На господина Некромантуса стало больно смотреть. Я глянул на Колянэля, он глянул на меня. Да, наше чувство было одним на двоих — некроманта было откровенно жалко. И толпы мурашек по спине снизу вверх, и пронизывающий душу холод от чужой магии не могли не смогли уменьшить нашего сочувствия.
Зато взглянув на лицо подсудимого, мы с напарником развеселились. Как впрочем, и половина судебного зала. Как раз та половина, к которой Филимон Кузьмич Борщ и сидел лицом.
И вот это лицо… Что там творилось на этом лице — ни сказать, ни написать: недоверие, изумление, шок, боль, радость, опять недоверие, восторг.
— Знатно погулял светлый эльф, эх, знатно. С последствиями! — вопиюще неуважительно вдруг перебил адвоката сторож со своего места и, закручивая седые усы, масляно улыбнулся Лукреции Борисовне. Та в свою очередь не растерялась и улыбнулась ему, вложив в неё всё свое кокетство.
Обнаружение у себя под носом столь ценного мага прошло красиво, бойко, громко и с международным скандалом. Хотя начиналось все очень даже хорошо. Вернее плохо.
Началось всё с жалобы придворного Некромантуса своему другу и царю на то, что кто-то в его вотчине портит трупы. Господин труповед истерично кричал сотрясая кулаками воздух, а заодно и свою собственную черную, как ночь хламиду, мелодично позвякивая защитными браслетами-амулетами и магическими печатями на своей шее. Его Величество знал про придурь своего вассала, но закрывал ясны государственные очи, считая что чем бы дите себе не баловалось на старости лет лишь бы не плакало.
Да и любил он старого друга за неукоснительную службу, честность и преданность, и решил, что страдальцу надо бы помочь. Только как бросить все силы на помощь, чтобы при этом никаких сил не тратить?

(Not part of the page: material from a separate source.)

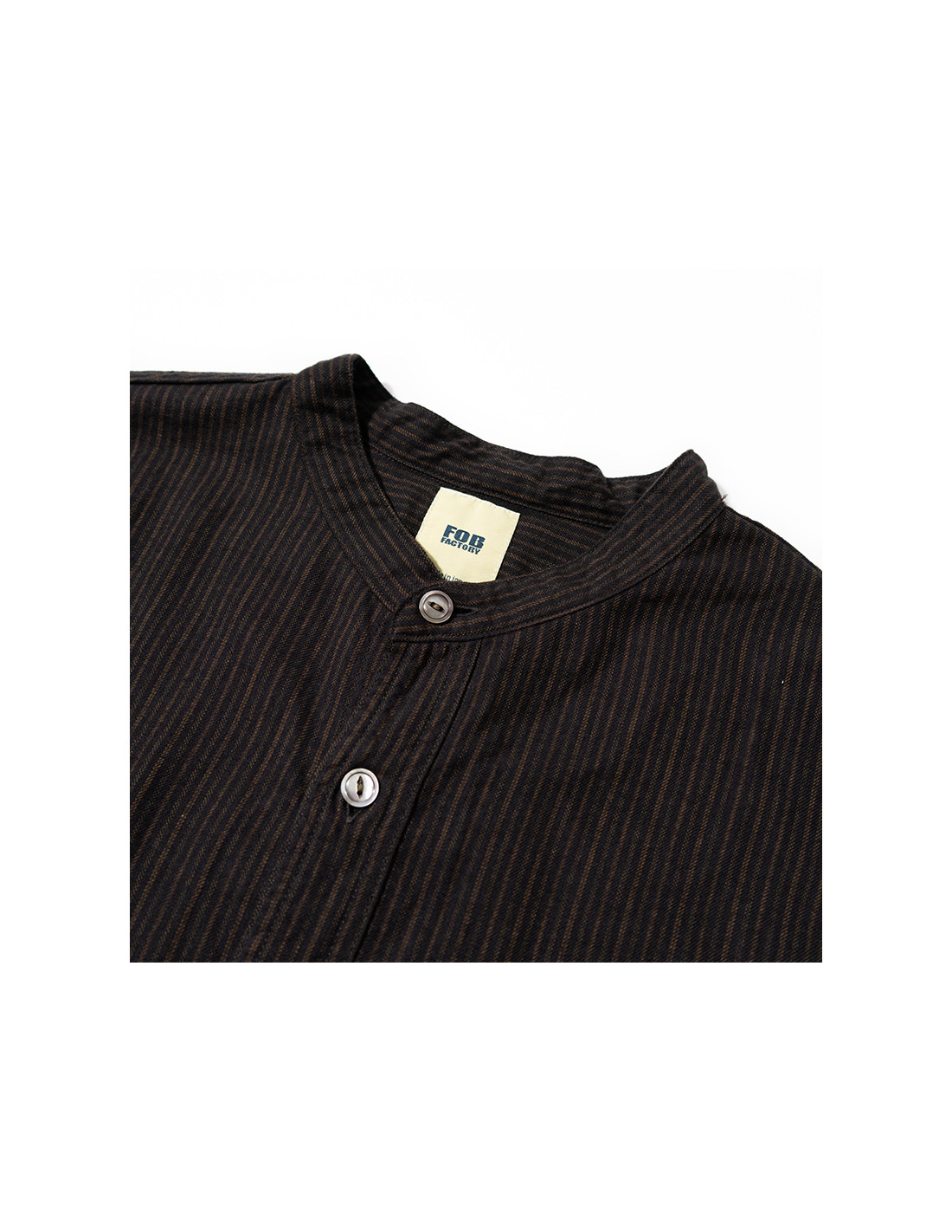 Inspired by FOB FACTORY's classic mandarin collar shirt, it offers a unique, relaxed look while pairing perfectly with sophisticated casual outfits.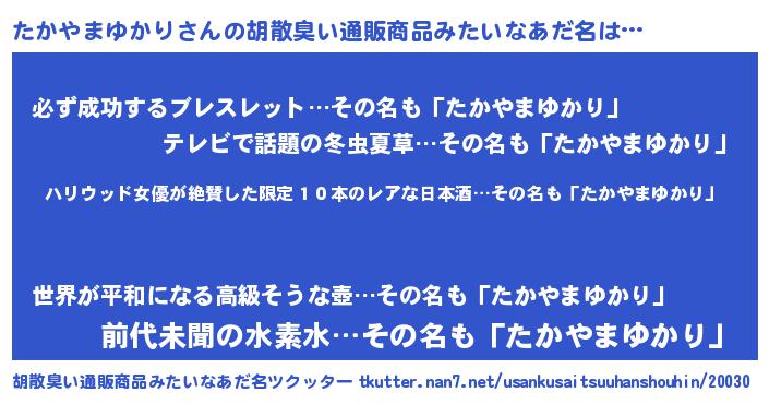 | 男性向けラノベタイトル風あだ名 | 『魔弾の王とたかやまゆかり』 |

И чтобы об этой гадостной истории не прознала свобода слова, он не знал, потому задумал хитроумный план и тихо его вынашивал.
Вынашивал недолго, качественно, без регистрации и смс. В итоге все получилось даже лучше чем хотелось: стоило только взять парочку аккордов, чтоб сыграть на белобрысой и длинноухой национальной гордости, и всю грязную работу сделали добродушные соседи с неизлечимым синдромом Павла-Морозиэля.
А уже царские умники раскрутили дело, да вот незадача - прабабка подсудимого нашла ловкого адвоката, который поставил всё дело с ног на голову. И в итоге подсудимый оказался героем и редким волшебником с чудесным сочетанием магий. Так что зря все думали крайне плохо про молодого дипломированного специалиста, ой зря. Расследование помогло выявить одаренного, иначе прозябать бы Фильке в морге до скончания своих лет!
Единственный минус был в том, что магия Филимона Кузьмича включалась не всегда, и включалась спонтанно. Только в случае симпатии. Или если доброе сердце вновь обретенного мага чувствовало расположение к страждущему. Оно и понято, эльфийская кровь сильно размыта, а соединившись с магией человеков и вовсе дала неожиданный результат.
Явление мага жизни-смерти стало сенсацией в магическом мире. И таких магов ринулись искать на родине бывшего маньяка и нынешнего героя. А про Колиэля и Толиэля никто и не вспомнил.
И снова Банный Орден венценосных единомышленников собрался в полном составе! И снова в слабом свете клубящийся дым создавал странные образы! И снова из-под него слышался тихий разговор сильных мира сего!
"Подфартило так подфартило”, — думал человечий царь мысленно потирая ручки от радости. — “Ещё один маг, да не абы кто, а целитель, и весь мой!"
— Я помню когда он у меня встал в первый раз, — мечтательно улыбнувшись и закатив глаза промурлыкал главный труповед столицы, и буквально у всех присутствующих нервно дернулся глаз. — О! Это было словно вчера! Первый курс, первая практика в морге. Мужчина тридцати лет, сквозное огнестрельное. Помню, как он вдруг открыл глаза и уставился на меня мутным взглядом... И я понял что это пятёрка! Единственная пятёрка на потоке. Я уже тогда был лучше всех! Эх… Дела давно минувших дней, приданье старины глубокой. Мемуары что-ли сесть писать... Но одно не укладывается в голове все равно! Старый дурень, как же я не почуял одаренного у себя под боком? Я! Лучший маг королевства!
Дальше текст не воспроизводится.